İki saate yakın süredir büyük bir zevkle dinlediğim Feryal Tilmaç’ın konuşmasından bazı notları da aşağıda paylaşıyorum:
- Okurluğumu daha çok önemsiyorum. İyi bir okur olmaya çalışıyorum. Bir gün yazmadan yapabilirim ama okuyamazsam çok üzülürüm.
- Deneysel edebiyata bayılıyorum. Yeni kelimeler üretmeyi çok seviyorum.
- Edebiyat benim oyun alanım. Kendi hayal gücüme göre bir dünya kuruyorum ve orada çok eğleniyorum.
- Türkçe öyküde bariz iki kural var: Oyun sevenler ve oyunu edebiyatta yakışıksız bulanlar. Oyunu edebiyatta çok seviyorum ve ciddiyetsiz de bulmuyorum.
- Bütün Türk edebiyatını bilmeyi çok isterim. Klasik edebiyatımızı, ustalarımızı çok önemsiyorum.
- Okumak, seyretmek istediğim çok şey var ama bazen tıkanıyorum. Canım canıma fazla geliyor.
- Bir cümleyi yıkmak için onu çok iyi kurmak gerekir.
- Hayatın içinden, tam ortasından geçmeyi çok severim. Kenarda duran entelektüellerden değilim. Sınıf duygum yok. İnsan ilişkilerinden çok beslenirim.
- Etiketlenmek istemiyorum. Aktivist bir yanım yok. Özgürlük alanım sınırlanacak diye korkarım. Kendim yapmaya, kendim başarmaya çalışırım.

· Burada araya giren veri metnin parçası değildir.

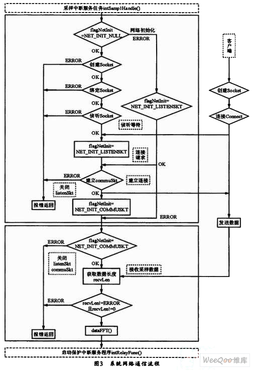 本设计采用嵌入式计算机结合数据采集板的方式,并由VxWorks实时操作系统为嵌入式计算机提供底层软件平台的支持。嵌入式计算机连接数据采集板,并控制数据的采集过程,以(以牵引供电系统馈线保护为例)在工频周期下,从TV、TA侧采集共2路电压、电流信号,每周波采样24个数据点,采样周期为833μs。在该保护系统中,嵌入式系统端为客户端,并采用VxWorks基于Socket客户机编程模式,主要负责发布命令,监控命令的执行状况,其主要工作是数据的采集和存储;服务器端为微机保护运行所在的PC机,负责执行命令并返回命令执行的结果,主要工作是为采集数据的微机提供算法处理保护以及保护启动判断。本系统只需要在服务器启动后,就可以进入等待状态,所有其他的动作都可以等待和客户端建立连接后,由人机界面来控制。其系统网络通信流程如图3所示。
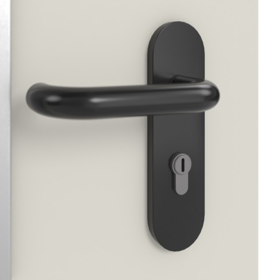 Czarna klamka z tworzywa sztucznego ECO Form D 110 z krótką tarczą dopełnia kompletny zestaw:
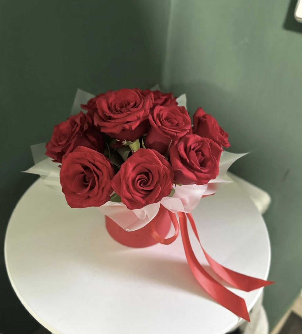 • Шляпна коробка  та атласна червона стрічка  + оазис
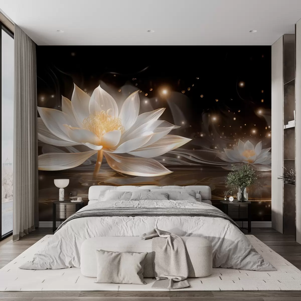 Wall murals Elegant white water lilies on dark water Nr. w09021

- Bilimkurguya da ilgi duyuyorum ve bu yönde bir çalışmam var.
- Psikiyatri, edebiyatımı en çok besleyen bilim dalı. İnsanın içine içine bakmayı, ruhunu çok merak ediyorum.
- Küçük yaşlardan beri hayatın kenarında oturmuş bir seyirci gibiyim. Çok fazla dinliyor, gözlemliyorum. Bu benim iç gerçekliğimin bir parçası. Bazen çöplüğe dönebiliyorum.

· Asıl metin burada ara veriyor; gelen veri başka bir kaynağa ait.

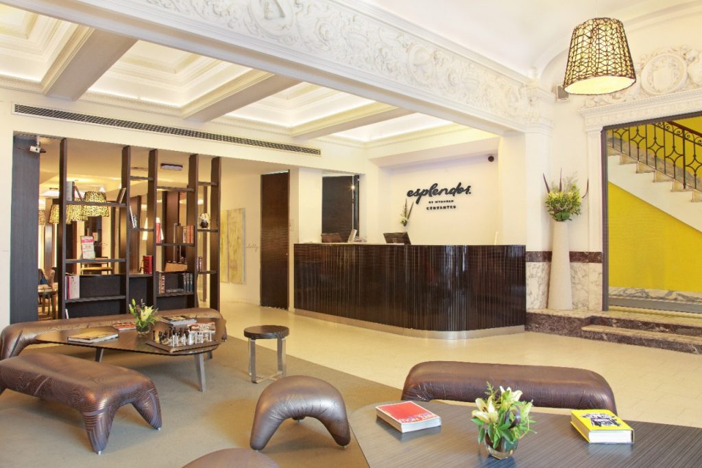 El Esplendor Cervantes ubicado justo al límite de la Ciudad Vieja, en el Barrio de Las Artes, tiene una historia para contar. Inaugurado en 1927 como Hotel Cervantes, vio pasar en sus muchos años de actividad a huéspedes ilustres de las letras y la cultura. Fue inspiración para Cortázar al escribir su relato La puerta condenada y a Bioy Casares al ambientar su cuento Un viaje o el mago inmortal. También dicen que Gardel se alojaba en el Cervantes y tenía su habitación favorita: la 104. El Cervantes era un teatro, una sala de lujo donde sucedían obras internacionales del teatro de la época. A la derecha de las puertas del teatro, una puerta más chiquita llevaba al hotel en los pisos de arriba. Con los años, la decadencia del paso del tiempo también llegó al hotel que por tiempo estuvo abandonado y luego fue una playa de estacionamiento.

- Yalnız ölüp çürümekten çok korkardım. Ama yazdıkça, korkularımla yüzleştikçe bu duygudan uzaklaşmaya başladım.
- Bazen erkek karakterler yazmayı da severim. Böyle canımdan dışarı çıkmışım gibi hissederim.
- Yeni bir aralığa giriyorum, buna dördüncü öykü aralığı diyorum. Fantastik öykülere yöneldim.

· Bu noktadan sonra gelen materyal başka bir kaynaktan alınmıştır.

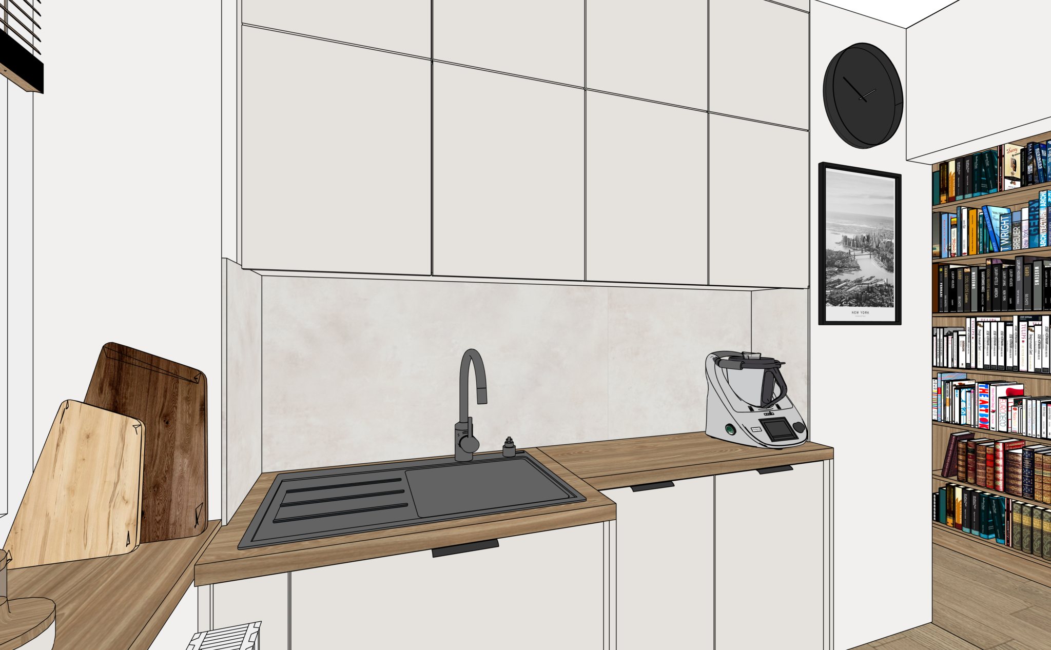 nie zmieniaj geometrii perspektywy kolor w tekstur mebli ani dodatk w nad blatami jest o wietlenie led za kamer znajduje si niewielkie okno zlewozmywak i bateria kuchenna s w kolorze grafitowej stali wizualizacja ma by hiperrealistyczna

- Karakterlerimin ucu açık, onları yoruma açık bırakıyorum.
- Eskiden öfkelendiğim herkesi öykünün içine koyardım.
- Öykü olduğunun farkında olan öyküler yazmayı seviyorum. Sait Faik bir öykünün nasıl yazılması gerektiğini anlatan bir öykü yazar, onun gibi.
- Deneme türünü çok severim.
- Her kitabım aynı mozaikten oluşuyor ama bunu bilerek yapmıyorum.
- İnsan öğrendikçe o saf cesaretinden de uzaklaşıyor, kirleniyor.